● Assignment: Output only the lines below from the one holding "-. Title : MERYLURE" down to the one holding "뉴스펀치 김완규 기자", both end lines included and every picture dropped.

● Material for this task:
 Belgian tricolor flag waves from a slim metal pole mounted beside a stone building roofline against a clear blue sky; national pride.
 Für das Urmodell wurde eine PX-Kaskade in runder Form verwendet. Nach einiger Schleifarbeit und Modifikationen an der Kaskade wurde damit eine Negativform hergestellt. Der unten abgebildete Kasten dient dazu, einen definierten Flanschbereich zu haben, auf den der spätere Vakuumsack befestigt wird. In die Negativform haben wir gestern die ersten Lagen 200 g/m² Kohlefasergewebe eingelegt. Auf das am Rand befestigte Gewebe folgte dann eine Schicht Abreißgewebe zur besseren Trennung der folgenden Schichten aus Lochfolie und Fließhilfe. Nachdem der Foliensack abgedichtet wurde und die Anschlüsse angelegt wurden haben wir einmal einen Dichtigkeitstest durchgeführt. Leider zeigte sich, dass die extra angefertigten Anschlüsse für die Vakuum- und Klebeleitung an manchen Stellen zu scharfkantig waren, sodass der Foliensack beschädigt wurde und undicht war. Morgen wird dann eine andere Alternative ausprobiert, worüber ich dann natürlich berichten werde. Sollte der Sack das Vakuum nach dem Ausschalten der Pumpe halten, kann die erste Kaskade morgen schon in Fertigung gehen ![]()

--

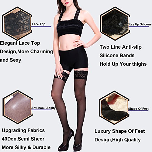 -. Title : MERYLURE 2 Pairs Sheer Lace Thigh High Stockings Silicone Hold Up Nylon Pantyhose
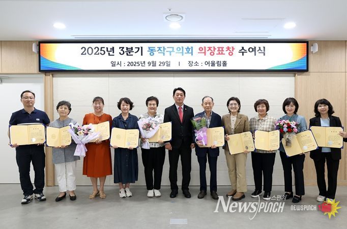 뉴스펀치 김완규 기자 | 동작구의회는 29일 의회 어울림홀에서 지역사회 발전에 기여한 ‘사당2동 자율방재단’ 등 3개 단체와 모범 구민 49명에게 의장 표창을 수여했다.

● Exercise result:
 -. Title : MERYLURE 2 Pairs Sheer Lace Thigh High Stockings Silicone Hold Up Nylon Pantyhose
 뉴스펀치 김완규 기자 | 동작구의회는 29일 의회 어울림홀에서 지역사회 발전에 기여한 ‘사당2동 자율방재단’ 등 3개 단체와 모범 구민 49명에게 의장 표창을 수여했다.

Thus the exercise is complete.